Europe and the US have released their financial superweapon. However, this is also risky: Now China knows first-hand what would happen if it aims to expand its influence in the South China Sea, and they will look for alternatives if they have not already.
Another result is an explosion of wheat prices: Russia and Ukraine are Europe’s granaries and are responsible for more than 25 % of all global wheat exports.
The vast portion of these exports go to Africa, and thus the current war will probably lead to a lot more refugees who look for asylum in Europe than just the Ukrainians.
Although Russian energy exports are excluded from the sanctions, the situation in the energy markets is agitated. This Monday, European Natural Gas Futures reached a new all-time high at € 197.91/MWH. On the one hand, there is uncertainty whether Russia will continue to export oil and natural gas and, on the other hand, whether the Europeans will extend their sanctions to energy.

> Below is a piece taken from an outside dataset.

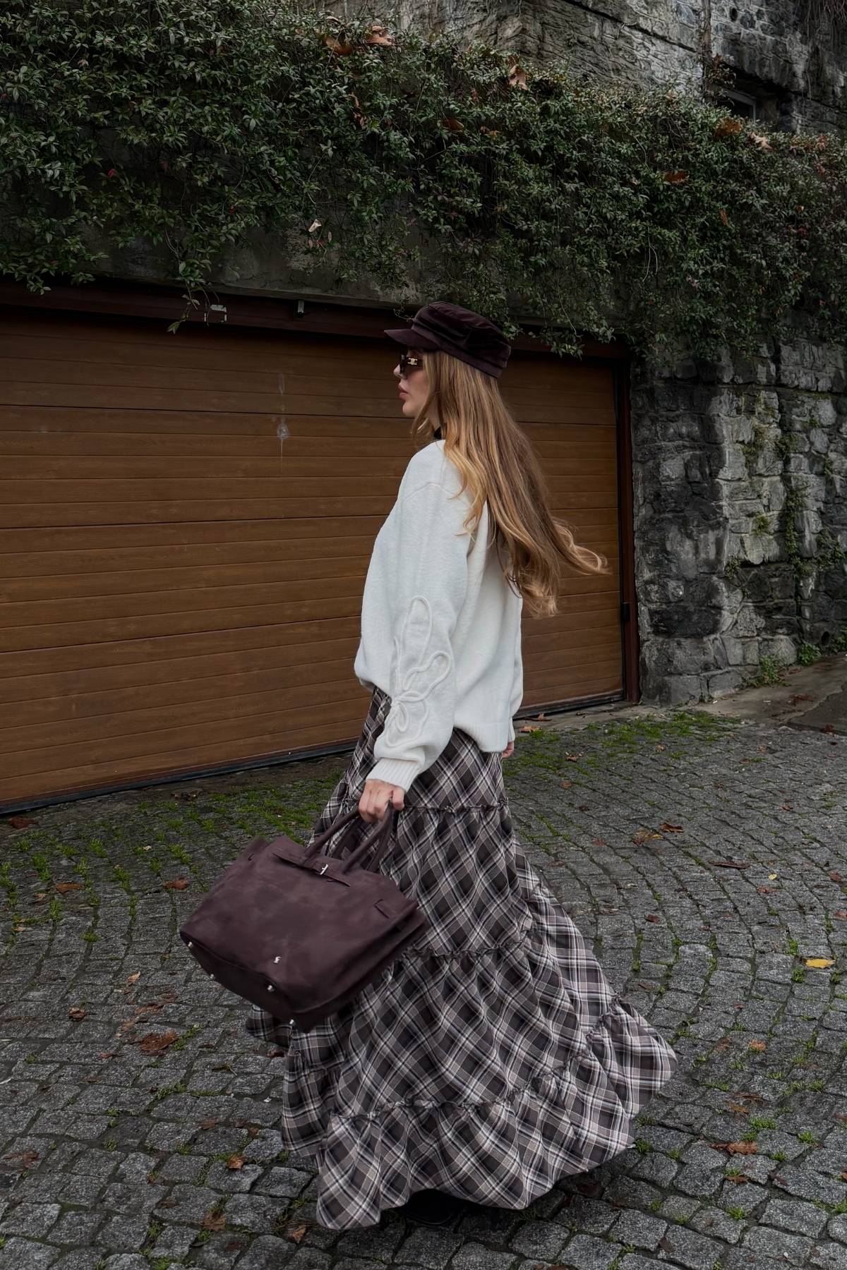 Kahverengi Bağlamalı Şifon Bluz - 5024
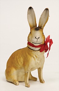 Easter bunny, papier mâché, Candy container, with egg in the pinafore, 22 cm

Nevertheless, it does not look as if president Putin is thinking about giving in. The big question will be how long the sanctions need to stay until he gives in. These sanctions are not only costly for Russia, but they are also for those who implemented them.
The Atlanta Fed has cut its GDP Nowcast to 0 % recently, which means that in real terms, the Atlanta Fed expects no growth in Q1. Simultaneously, inflation is running way above the Fed’s target of 2 % over the medium term.
Because of the slowdown of the economy that I had anticipated even before the war started, I expected inflation to peak in Q1 of this year and to come down to approximately 3 %. However, recent developments are a counter-argument against that.
At this point, I would like to clarify that I am not changing into the transitory camp, but I reject the idea that inflation is going up in a straight line. Inflation regimes come in waves, and this theory is supported by the last two significant inflationary phases of the 1940s and the 1970s. It is not that inflation will become deflation again, but that deflationary forces will take over in 2022, in my opinion.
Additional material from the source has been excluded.